Evangelical Christians have been accused of being anti-science for two reasons: opposing neo-Darwinian evolution and opposing embryonic stem cell research. While the former argument is fair, the latter is not. Science does not want to be ethically judged from the outside. How dare you place strictures about a therapy that was so self-evidently the next big thing? The Bush Administration was excoriated for only supporting stem cell lines that were corrupted by mouse cells. Scientists argued we cannot do good research based on these defective stem cell lines. Now they have a bigger problem. The stem cells mutate in the same way cancer cells do.
News @ nature.com is reporting that Gene defects plague stem-cell lines.
Embryonic stem cells that are cultured in the lab accumulate an alarming array of genetic changes, including mutations known to be linked to cancer. The finding throws into question whether such cells could eventually be used for therapy, unless they can be kept fresh and checked for mutations before use.
Researchers think that stem cells, which can be programmed to grow into any kind of cell, could one day be used to regenerate or replace cells and organs damaged by disease. But growing these cells has proven problematic.
In January, researchers announced that most human embryonic stem-cell lines, including ones approved by the US government for use in federally funded studies, have been contaminated by animal cells used as a growth medium in lab dishes. Any cell containing such foreign proteins would presumably trigger a damaging immune response if transplanted into a human patient. Researchers realized they would have to grow their cells differently in order to use them for therapy.

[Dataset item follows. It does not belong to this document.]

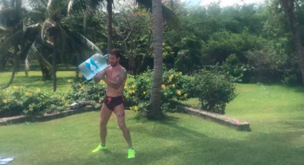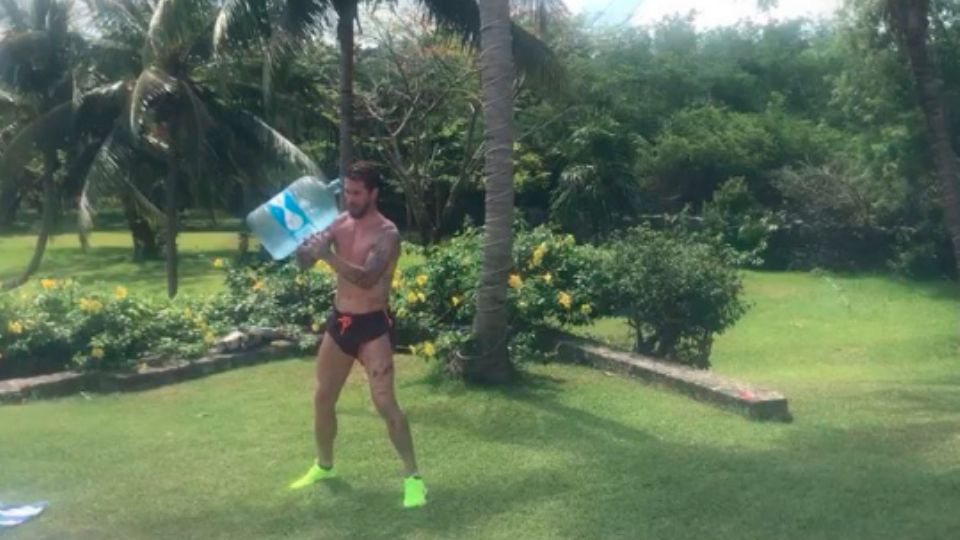 El vídeo, que ha publico él mismo en su cuenta de Instagram, muestra como el defensa utiliza un garrafón lleno de agua a modo de pesa.

Now another difficulty has come to light. The longer the cells are kept, and the more they divide, the more errors they build up in their genetic code. "These mutations we are finding are a much bigger problem," says Aravinda Chakravarti of the Johns Hopkins University in Baltimore, Maryland.
How does this happen?
All DNA tends to accumulate mutations as it divides, because each step in the copying process can introduce errors. But previous, smaller studies of stem cells had not found problematic levels of mutations.
Chakravarti and his colleagues decided to take a closer look, examining nine of the human embryonic stem-cell lines that have federal approval. They compared frozen, archived cells with 'daughter' generations that had been created from these.
Many of the archived cells seemed normal, although some had already divided tens of times to build up cell numbers into the billions. But errors began to appear after further divisions. Out of nine cell lines, eight developed one or more genetic changes commonly observed in human cancers, the team reports in Nature Genetics1.
The researchers make the following damning assessment:
The finding undermines a general assumption that stem cells remain unblemished until they are programmed to become a certain type of cell. "This is not good news. It suggests that the biological properties of the cells before and after replicating could be different," says Chakravarti.
Does this argue just against the federal lines because we need to replicate them more? That's the argument made by Roger Pedersen:
Stem-cell expert Roger Pedersen of the University of Cambridge, UK, says he takes a "glass half full" view of the findings, because the billions of archived cells seemed normal. This shows that the replications needed to boost stem-cell numbers to usable levels do not necessarily cause problems.
Pedersen adds that the study supports the idea that more, fresh stem-cell lines would be useful for the scientific community: US federal research currently relies on a very limited number of lines.
My response is that this shows a possible defect in the whole approach given the small number of stem cells in a blastocyst. Thus, you need to be replicate the stem cells and at the same time you need to minimize the number of generations from the original stem cells. The problem may not be detectable -- the billions of cells seemed normal -- until the number of generations is increased. The bottom line is that a source other than human embryos is needed for better, fresher stem cells.